You can fit your the data without displaying it:

x=1:10;
y=[15 14.2 13.6 13.2 12.9 12.7 12.5 12.4 12.4 12.2];
f = ezfit(x,y,'beta(rho) = beta_0 + Delta * exp(-rho * mu);  beta_0 = 12');

f is a structure that contains all the informations about the fit:

f
f = 

       name: 'beta(rho)=beta_0+Delta*exp(-rho*mu)'
       yvar: 'beta'
       xvar: 'rho'
    fitmode: 'lin'
         eq: 'beta_0+Delta*exp(-rho*mu)'
          r: 0.9992
      param: {'Delta'  'beta_0'  'mu'}
          m: [3.9949 12.1058 0.3237]
         m0: [1 12 1]
          x: [1 2 3 4 5 6 7 8 9 10]
          y: [1x10 double]

From this structure, you can plot the data and the fit:

clf
plot(x,y,'r*');
showfit(f)
Equation: beta(rho) = beta_0+Delta*exp(-rho*mu)
     Delta = 3.9949
     beta_0 = 12.106
     mu = 0.32368
     R = 0.99925  (lin)

you can also display the result of the fit

dispeqfit(f)
Equation: beta(rho) = beta_0+Delta*exp(-rho*mu)
     Delta = 3.9949
     beta_0 = 12.106
     mu = 0.32368
     R = 0.99925  (lin)

or create the variables in the base workspace

makevarfit(f)
beta_0
mu
Delta
beta_0 =

   12.1058


mu =

    0.3237


Delta =

    3.9949

Weigthed fit

Suppose now we want to fit data with unequal weights, shown here as error bars of different lengths:

x =  1:10;
y =  [1.56 1.20 1.10 0.74 0.57 0.55 0.31 0.27 0.28 0.11];
dy = [0.02 0.02 0.20 0.03 0.03 0.10 0.05 0.02 0.10 0.05];
clf, errorbar(x,y,dy,'o');

In order to perform a weighted fit on this data, the vectors y and dy have to be merged into a 2-by-N matrix and given as the second input argument to ezfit.
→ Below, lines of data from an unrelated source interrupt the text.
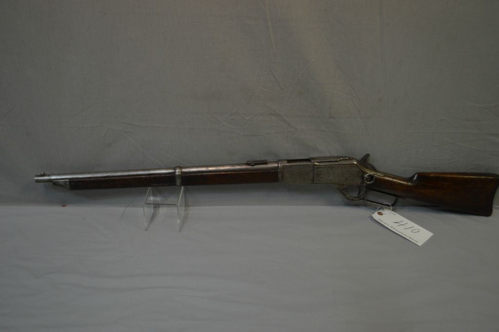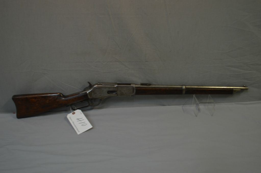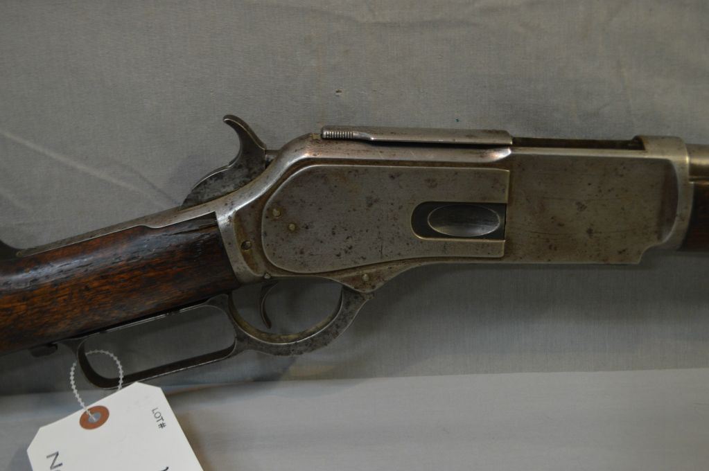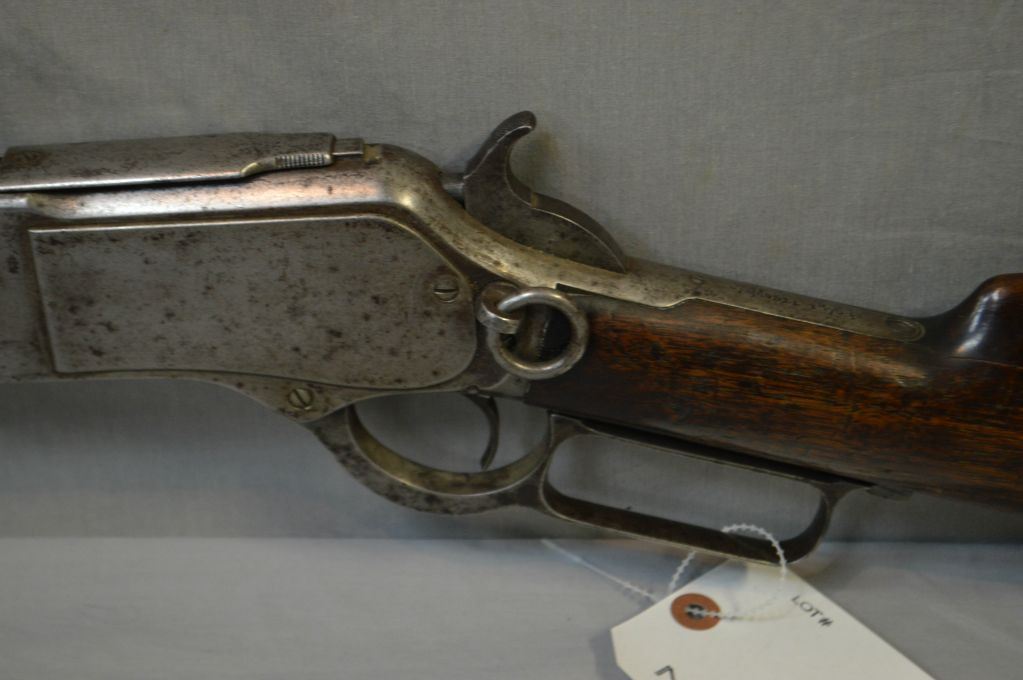 Winchester Model 1876 .45 - 75 Cal Lever Action Full Wood Saddle Ring Carbine w/ 22" bbl [ faint traces of blue turning brown, in protected areas, majority of areas turned grey, barrel sights, back sight dated 1876, dust cover with integeral rail, with side grooves, brass lift plate, no trap in carbine metal butt plate, wood has slight cracks behind upper tang and small chips behind the receiver, normal bumps & bruises overall, but appears original to the firearm, faint traces of flaking case color, all turned silver, functions well, Circa 1883 ] Ser # 38030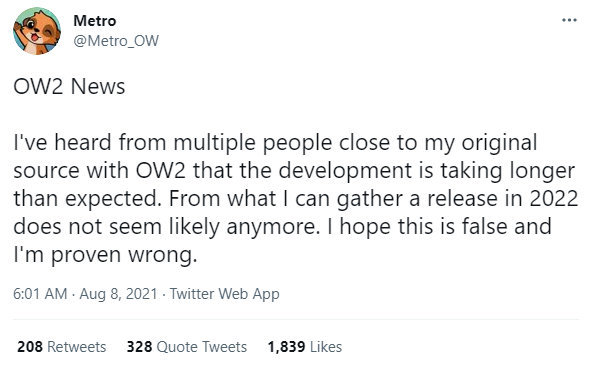近日,《守望先锋》知名爆料人“Metro_OW”发推称《守望先锋2》的开发时间比预期要长,很难在2022年发售。Metro_OW曾正确预测了《守望先锋》的第29位新英雄艾什,他表示本次的消息来源于《守望先锋2》的开发团队。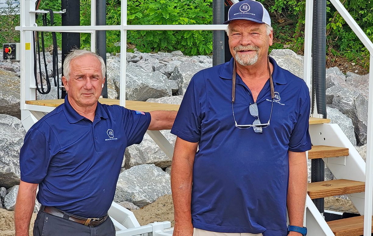 Never resting on their laurels, Beachworks is currently developing the M.O.A.B. (Mother of All Beachlaunchers), which will be capable of launching boats up to 18,000 pounds and 40 foot in length. To date, a total of 65 hydraulic Beachlauncher units with Kohler (EFI) Electronic Fuel Injected engines, have been delivered to clients in Wisconsin, Illinois, Florida, Montana, Buffalo N.Y., British Columbia, Ontario, and the Fiji Islands.
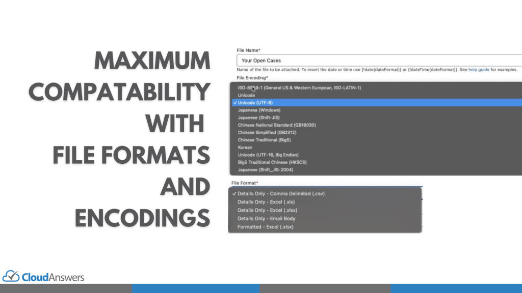 - International and legacy system support: Change file encoding directly from the report schedule to support special characters, multiple languages, and file formats used by old legacy systems who have not updated to UTF-8.
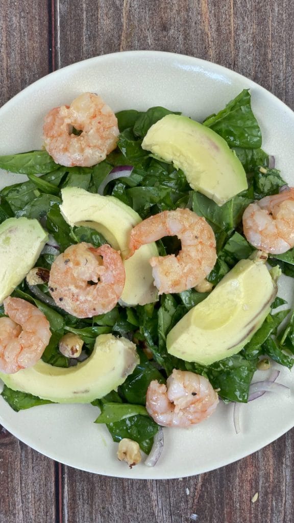 Esta salada é uma ótima escolha para quem procura uma refeição equilibrada, rica em nutrientes e sabores. Os camarões são uma fonte de proteínas magras, vitaminas (especialmente B12) e minerais como zinco e selênio, enquanto o abacate é rico em gorduras saudáveis (ácidos graxos monoinsaturados), fibras, vitaminas (E, K, C, B) e potássio.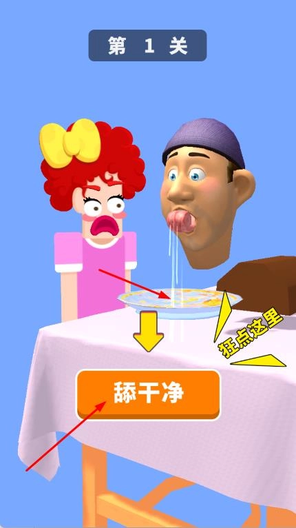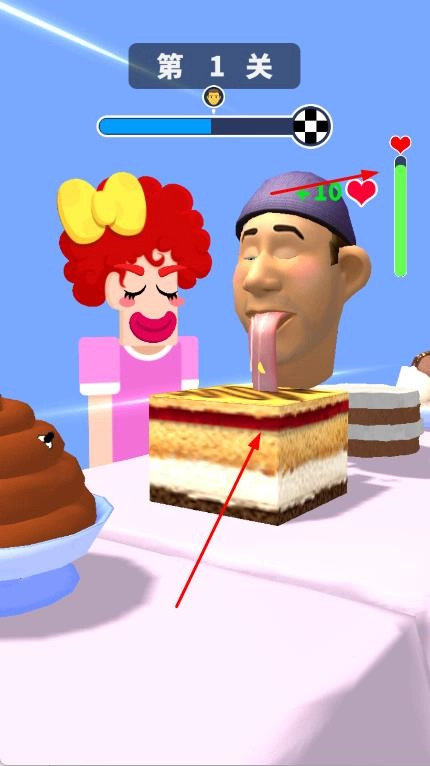 在第一关,你需要操控角色用舌头去舔那些目标食物,像蛋糕之类的,同时要留意上方的进度条和爱心值。

Compare the results for the usual and weighted fits:

fw = ezfit(x, [y;dy], 'exp');
showfit(fw,'fitcolor','red');
f = ezfit(x, y, 'exp');
showfit(f,'fitcolor','blue');
Equation: y(x) = a*exp(b*x)
     a = 2.0017
     b = -0.2519
     R = 0.98832  (lin)
Equation: y(x) = a*exp(b*x)
     a = 2.0071
     b = -0.24013
     R = 0.99067  (lin)

The red curve (weighted fit) tends to go through the data with smaller error bars.